**What this task involves**
Look below for the line containing "The kitchen is" and the line containing "Die Karte zeigt"; repeat exactly those two lines and all lines between them, and nothing else.

**Data for review**

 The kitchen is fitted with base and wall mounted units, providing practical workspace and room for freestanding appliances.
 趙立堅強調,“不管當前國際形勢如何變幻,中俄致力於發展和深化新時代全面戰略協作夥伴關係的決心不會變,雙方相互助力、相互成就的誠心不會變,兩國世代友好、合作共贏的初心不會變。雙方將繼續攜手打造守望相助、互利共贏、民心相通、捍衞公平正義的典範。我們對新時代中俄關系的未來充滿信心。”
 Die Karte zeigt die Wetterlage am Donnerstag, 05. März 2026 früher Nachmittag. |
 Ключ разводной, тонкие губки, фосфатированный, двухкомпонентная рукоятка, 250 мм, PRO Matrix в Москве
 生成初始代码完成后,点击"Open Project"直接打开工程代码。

---

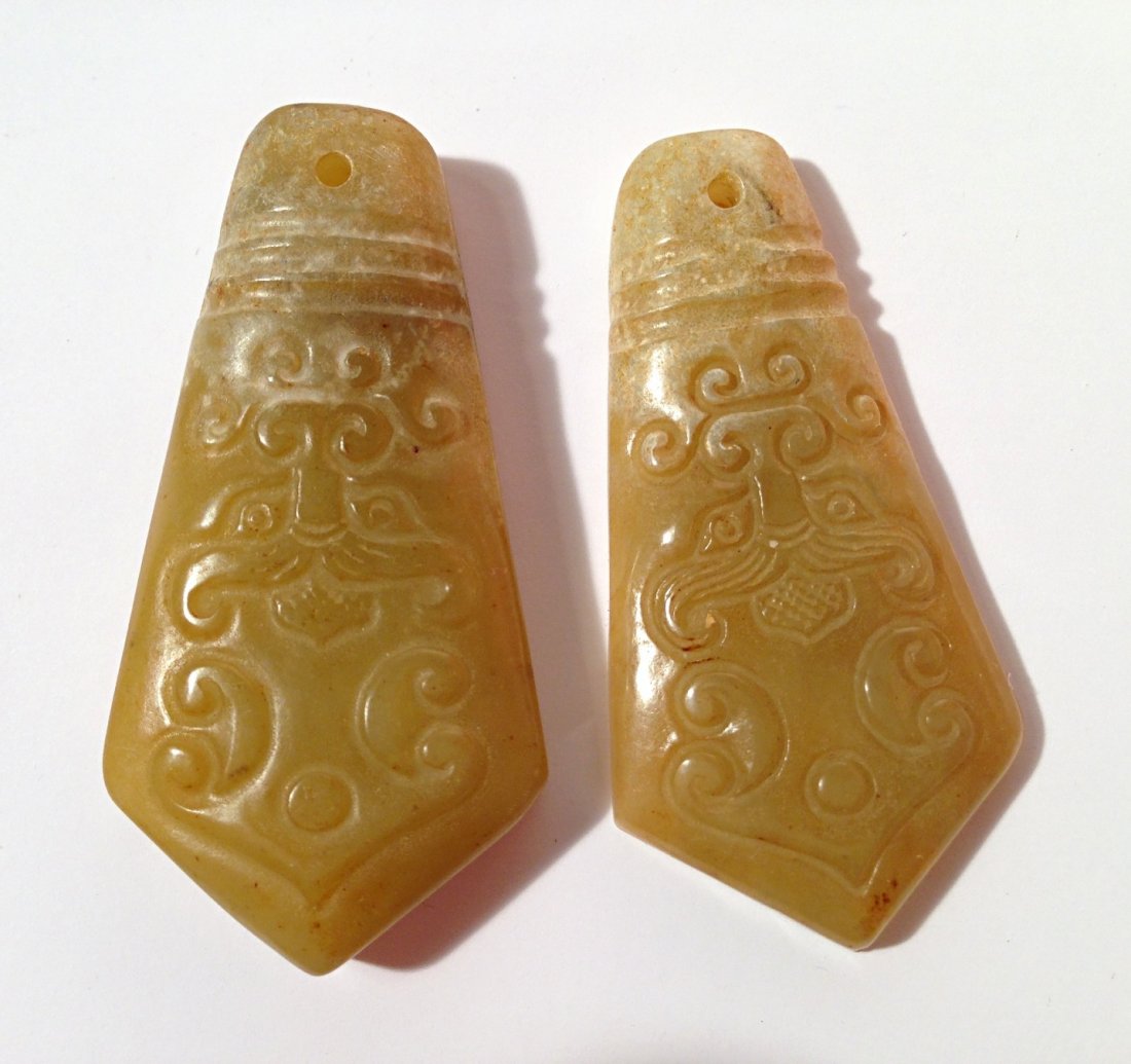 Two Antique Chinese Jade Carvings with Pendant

...

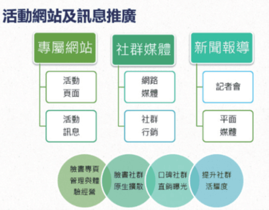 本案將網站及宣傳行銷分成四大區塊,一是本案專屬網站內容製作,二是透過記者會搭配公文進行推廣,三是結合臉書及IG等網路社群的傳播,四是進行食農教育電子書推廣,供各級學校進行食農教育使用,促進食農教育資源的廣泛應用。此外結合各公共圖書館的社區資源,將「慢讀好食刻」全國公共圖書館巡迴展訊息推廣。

**Answer area**
 The kitchen is fitted with base and wall mounted units, providing practical workspace and room for freestanding appliances.
 趙立堅強調,“不管當前國際形勢如何變幻,中俄致力於發展和深化新時代全面戰略協作夥伴關係的決心不會變,雙方相互助力、相互成就的誠心不會變,兩國世代友好、合作共贏的初心不會變。雙方將繼續攜手打造守望相助、互利共贏、民心相通、捍衞公平正義的典範。我們對新時代中俄關系的未來充滿信心。”
 Die Karte zeigt die Wetterlage am Donnerstag, 05. März 2026 früher Nachmittag. |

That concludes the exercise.